ホルムズ海峡の通航混乱が続く中、アジアの石油元売り各社は中東産原油の代替として米国産原油の確保を急いでいる。トレーダー情報をもとにした報道では、日本企業が先行し、韓国やシンガポール勢も購入に動いた。5月にアジア向けへ積み込まれる米メキシコ湾岸産原油は、少なくとも6000万バレルが買われ、3年ぶりの高水準になったと伝えられている。
ただ、足元で深刻化しているのは原油そのものの不足より、運ぶ船の不足だ。米エネルギー情報局(EIA)が2026年4月15日に公表した週次統計では、4月10日時点の米国原油輸出は日量約520万バレルだった。単週ベースでは高水準だが、需要急増に対して輸送手段が追いついていない。
焦点は「原油不足」ではなく「船腹不足」
米国湾岸からアジアへ原油を運ぶ主力は、1隻で200万バレル前後を積めるVLCC(超大型原油タンカー)だ。市場報道によると、今後2週間でチャーター可能なVLCCが見当たらないとの見方も出ている。通常なら一定数ある空き船が薄くなり、米国湾岸の船腹需給は急速に締まっている。
背景にあるのは輸送距離の長さだ。中東からアジアへの通常ルートが使いにくくなると、買い手は米国やブラジル、西アフリカなどへ調達先を広げる。ただ、米国湾岸からアジアへの航海は長く、同じ隻数でも船の回転率が落ちる。原油は確保できても、船が戻らず次の輸送に回せないという現象が起きやすい。
なぜ米国産原油に買いが集まるのか
ホルムズ海峡はオマーンとイランの間にある海上要衝で、最狭部は約21マイルしかない。EIAによると、平時には世界の石油・石油製品供給の約2割がこの海峡を通る。日本、韓国、中国、インドなどアジアの主要輸入国にとって、ここが不安定になることは調達コストと調達期間の両方を押し上げる。
その点、米国はシェール増産を背景に輸出余力を持ち、メキシコ湾岸には積み出しインフラも整っている。今回の買い付け増加も、日本だけの特殊な動きというより、アジア全体で非中東の調達先を増やす流れの一部とみたほうが自然だ。
「全面停止」よりも厄介な高リスク化
もっとも、現状を単純に「原油が全く通れない状態」とみるのは正確ではない。一部のタンカー航行は報じられており、市場が直面しているのは全面停止というより、通航量の急減と保険・安全保障リスクの急上昇だ。船が通れるかどうかの判断が難しくなるだけでも、買い手は代替調達を急ぎ、船主や保険会社は慎重になる。

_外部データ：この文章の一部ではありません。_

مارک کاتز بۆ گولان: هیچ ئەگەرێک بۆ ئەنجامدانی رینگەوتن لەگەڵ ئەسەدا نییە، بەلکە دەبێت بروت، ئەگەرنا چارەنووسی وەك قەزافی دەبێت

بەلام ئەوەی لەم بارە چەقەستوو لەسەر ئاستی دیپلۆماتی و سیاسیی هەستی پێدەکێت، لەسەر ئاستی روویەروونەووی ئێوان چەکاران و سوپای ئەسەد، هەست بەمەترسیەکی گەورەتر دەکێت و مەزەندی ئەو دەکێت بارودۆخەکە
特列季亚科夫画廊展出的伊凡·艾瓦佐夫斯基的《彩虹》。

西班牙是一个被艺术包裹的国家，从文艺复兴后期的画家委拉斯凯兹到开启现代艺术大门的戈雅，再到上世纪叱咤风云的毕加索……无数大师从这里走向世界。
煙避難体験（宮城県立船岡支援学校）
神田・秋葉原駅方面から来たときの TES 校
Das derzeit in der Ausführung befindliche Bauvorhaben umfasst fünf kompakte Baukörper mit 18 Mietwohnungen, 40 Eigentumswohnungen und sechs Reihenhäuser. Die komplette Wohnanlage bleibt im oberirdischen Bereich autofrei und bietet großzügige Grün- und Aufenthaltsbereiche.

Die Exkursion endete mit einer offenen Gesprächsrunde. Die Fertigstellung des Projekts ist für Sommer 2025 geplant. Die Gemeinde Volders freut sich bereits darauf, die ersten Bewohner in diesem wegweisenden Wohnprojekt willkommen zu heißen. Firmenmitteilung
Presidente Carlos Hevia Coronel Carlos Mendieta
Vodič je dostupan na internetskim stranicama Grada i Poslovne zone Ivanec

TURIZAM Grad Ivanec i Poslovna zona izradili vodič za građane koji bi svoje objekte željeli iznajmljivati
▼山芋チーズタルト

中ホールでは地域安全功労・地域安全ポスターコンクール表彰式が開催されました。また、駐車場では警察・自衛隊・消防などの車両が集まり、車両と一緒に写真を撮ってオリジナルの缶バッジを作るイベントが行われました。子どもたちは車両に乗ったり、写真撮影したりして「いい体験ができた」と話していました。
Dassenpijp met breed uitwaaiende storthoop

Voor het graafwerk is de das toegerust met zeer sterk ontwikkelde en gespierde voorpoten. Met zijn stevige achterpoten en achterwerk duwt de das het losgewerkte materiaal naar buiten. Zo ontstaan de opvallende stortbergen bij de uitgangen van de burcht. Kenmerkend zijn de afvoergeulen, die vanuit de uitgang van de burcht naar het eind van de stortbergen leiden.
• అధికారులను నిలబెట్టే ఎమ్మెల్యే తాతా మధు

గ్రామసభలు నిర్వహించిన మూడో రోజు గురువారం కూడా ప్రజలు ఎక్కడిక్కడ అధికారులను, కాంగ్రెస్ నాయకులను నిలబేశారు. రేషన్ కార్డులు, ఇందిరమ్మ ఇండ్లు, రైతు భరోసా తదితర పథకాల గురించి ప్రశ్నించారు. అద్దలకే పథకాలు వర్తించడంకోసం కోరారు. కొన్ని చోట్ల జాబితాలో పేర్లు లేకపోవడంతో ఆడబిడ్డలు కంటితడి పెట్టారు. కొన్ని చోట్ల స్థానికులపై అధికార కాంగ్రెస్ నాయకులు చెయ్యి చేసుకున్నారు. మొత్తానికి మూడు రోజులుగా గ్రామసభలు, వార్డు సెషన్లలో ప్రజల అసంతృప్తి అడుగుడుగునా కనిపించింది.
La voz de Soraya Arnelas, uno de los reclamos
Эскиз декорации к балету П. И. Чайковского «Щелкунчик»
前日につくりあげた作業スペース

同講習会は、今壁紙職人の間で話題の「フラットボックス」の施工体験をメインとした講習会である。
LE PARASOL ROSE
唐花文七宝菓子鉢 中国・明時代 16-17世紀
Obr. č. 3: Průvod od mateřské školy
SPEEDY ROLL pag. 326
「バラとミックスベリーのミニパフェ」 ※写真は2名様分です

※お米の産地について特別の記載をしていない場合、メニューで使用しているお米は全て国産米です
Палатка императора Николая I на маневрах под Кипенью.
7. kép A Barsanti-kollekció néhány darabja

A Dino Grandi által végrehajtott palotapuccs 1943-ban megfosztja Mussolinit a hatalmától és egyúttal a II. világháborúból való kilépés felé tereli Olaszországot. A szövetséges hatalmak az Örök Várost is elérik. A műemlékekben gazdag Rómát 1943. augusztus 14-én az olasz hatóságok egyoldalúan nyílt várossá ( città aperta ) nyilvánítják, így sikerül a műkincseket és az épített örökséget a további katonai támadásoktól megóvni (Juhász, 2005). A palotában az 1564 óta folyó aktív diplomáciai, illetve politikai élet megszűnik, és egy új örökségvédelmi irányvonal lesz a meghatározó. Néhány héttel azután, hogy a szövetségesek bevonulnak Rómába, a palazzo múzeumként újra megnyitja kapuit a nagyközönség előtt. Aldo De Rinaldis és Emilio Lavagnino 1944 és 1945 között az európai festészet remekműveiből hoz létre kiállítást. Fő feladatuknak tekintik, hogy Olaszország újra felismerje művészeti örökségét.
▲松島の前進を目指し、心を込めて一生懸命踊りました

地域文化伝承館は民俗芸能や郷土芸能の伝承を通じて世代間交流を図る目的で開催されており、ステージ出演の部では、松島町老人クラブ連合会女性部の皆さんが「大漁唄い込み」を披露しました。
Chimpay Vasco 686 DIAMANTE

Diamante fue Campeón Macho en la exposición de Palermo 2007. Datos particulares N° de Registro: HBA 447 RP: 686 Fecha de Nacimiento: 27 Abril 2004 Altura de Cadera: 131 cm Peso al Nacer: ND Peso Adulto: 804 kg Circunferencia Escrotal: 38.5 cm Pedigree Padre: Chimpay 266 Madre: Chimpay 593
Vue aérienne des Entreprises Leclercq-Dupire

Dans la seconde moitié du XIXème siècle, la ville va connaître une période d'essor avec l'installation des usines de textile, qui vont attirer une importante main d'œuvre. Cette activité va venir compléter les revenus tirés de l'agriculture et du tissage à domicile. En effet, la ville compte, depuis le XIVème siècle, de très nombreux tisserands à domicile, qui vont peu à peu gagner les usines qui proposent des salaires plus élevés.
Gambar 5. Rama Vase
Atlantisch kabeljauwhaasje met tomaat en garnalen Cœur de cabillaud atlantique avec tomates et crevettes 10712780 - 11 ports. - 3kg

その結果、中東産原油の不足感だけでなく、輸送の不確実性そのものが価格に上乗せされる。調達担当者にとって重要なのは「いくらで買えるか」だけではなく、「予定どおり届くかどうか」に変わりつつある。
次に効いてくるのは運賃と保険料
VLCCの逼迫が続けば、チャーター運賃や戦争保険料は上がりやすい。輸送コストの上昇は、原油価格そのものとは別の形で精製会社の負担を重くする。日本のように中東依存度が高い国では、原油価格、輸送費、保険料、到着遅延が同時に効いてくる可能性がある。
エネルギー市場は価格だけを見ていると実態を見誤りやすい。今回の局面が示しているのは、供給量が残っていても、船腹と航路の確保が難しければ調達は簡単に細るという事実だ。産油国の動向だけでなく、海上輸送の詰まり具合まで含めて見なければ、次のリスクは読みにくい。